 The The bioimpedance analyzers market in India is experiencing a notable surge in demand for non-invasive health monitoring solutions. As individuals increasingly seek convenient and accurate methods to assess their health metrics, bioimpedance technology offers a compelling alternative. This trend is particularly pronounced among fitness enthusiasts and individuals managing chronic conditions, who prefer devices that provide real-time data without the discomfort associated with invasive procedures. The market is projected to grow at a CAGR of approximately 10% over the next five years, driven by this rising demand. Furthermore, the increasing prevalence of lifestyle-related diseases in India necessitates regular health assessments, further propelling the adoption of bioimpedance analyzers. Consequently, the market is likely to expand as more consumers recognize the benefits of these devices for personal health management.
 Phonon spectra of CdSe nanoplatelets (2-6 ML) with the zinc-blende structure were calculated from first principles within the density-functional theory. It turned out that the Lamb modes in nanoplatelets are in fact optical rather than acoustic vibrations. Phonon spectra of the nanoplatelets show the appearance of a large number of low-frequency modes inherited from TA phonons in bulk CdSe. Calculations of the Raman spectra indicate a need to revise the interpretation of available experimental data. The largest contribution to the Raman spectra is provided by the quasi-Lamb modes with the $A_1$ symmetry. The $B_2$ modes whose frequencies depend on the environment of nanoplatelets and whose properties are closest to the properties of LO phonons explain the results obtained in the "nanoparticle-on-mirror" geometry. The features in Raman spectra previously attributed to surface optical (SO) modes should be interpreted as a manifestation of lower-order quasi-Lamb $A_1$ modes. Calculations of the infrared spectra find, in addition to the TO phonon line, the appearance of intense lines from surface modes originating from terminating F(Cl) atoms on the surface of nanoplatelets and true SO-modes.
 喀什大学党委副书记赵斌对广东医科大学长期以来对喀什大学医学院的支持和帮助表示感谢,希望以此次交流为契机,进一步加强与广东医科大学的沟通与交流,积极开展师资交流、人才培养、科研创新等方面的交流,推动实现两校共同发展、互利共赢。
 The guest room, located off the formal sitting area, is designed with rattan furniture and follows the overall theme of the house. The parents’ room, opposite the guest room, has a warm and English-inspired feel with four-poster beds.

...

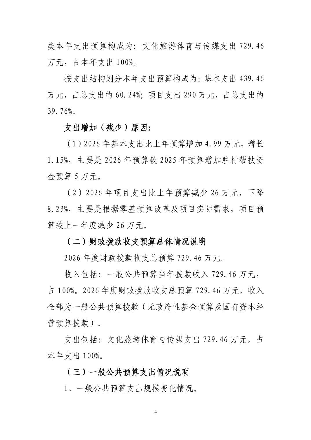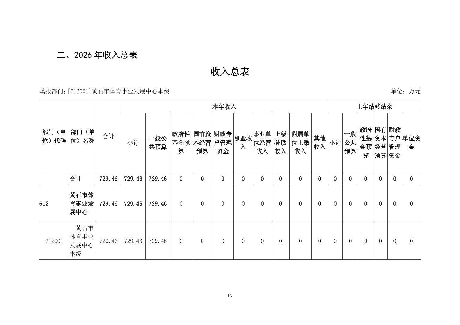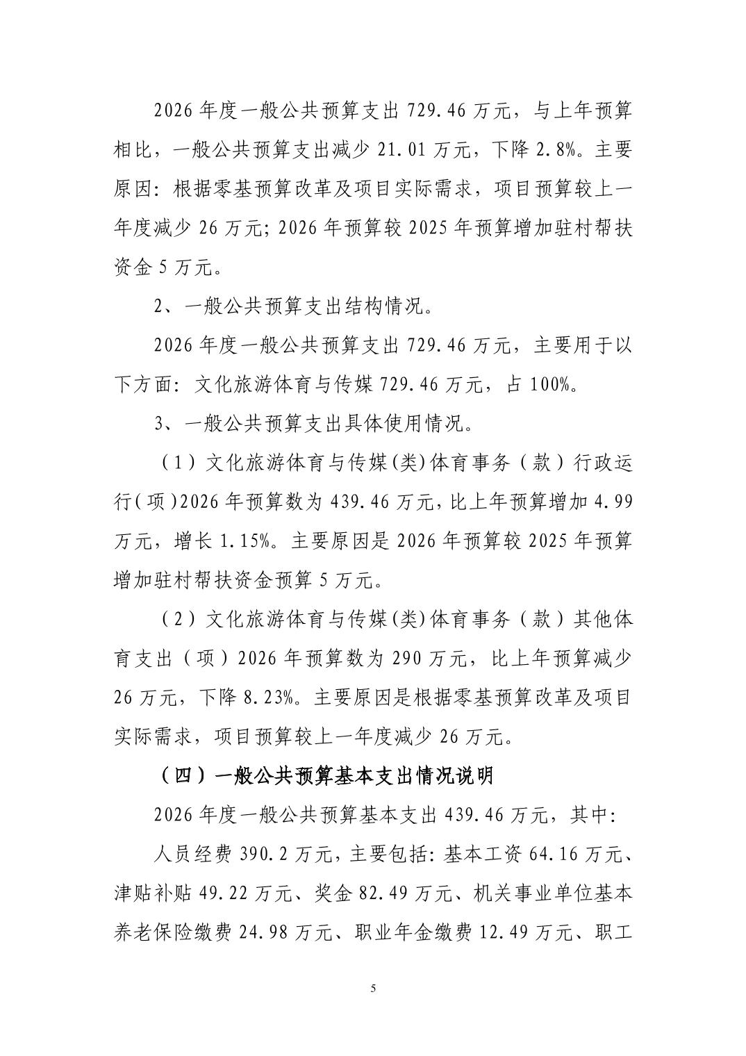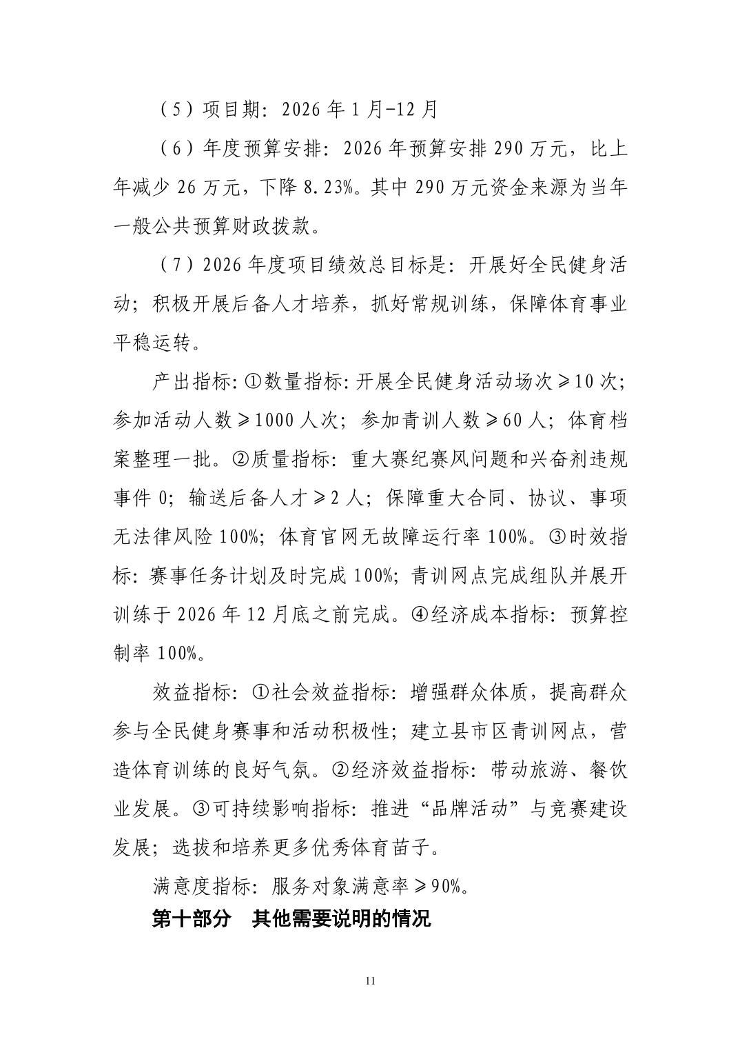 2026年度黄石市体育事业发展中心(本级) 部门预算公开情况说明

Problem:
Taking the lines above, repeat exactly those from the line that contains "喀什大学党委副书记赵斌对广东" through the line that contains "The guest room, located", and both of those lines as well. Include nothing else.

Your response:
 喀什大学党委副书记赵斌对广东医科大学长期以来对喀什大学医学院的支持和帮助表示感谢,希望以此次交流为契机,进一步加强与广东医科大学的沟通与交流,积极开展师资交流、人才培养、科研创新等方面的交流,推动实现两校共同发展、互利共赢。
 The guest room, located off the formal sitting area, is designed with rattan furniture and follows the overall theme of the house. The parents’ room, opposite the guest room, has a warm and English-inspired feel with four-poster beds.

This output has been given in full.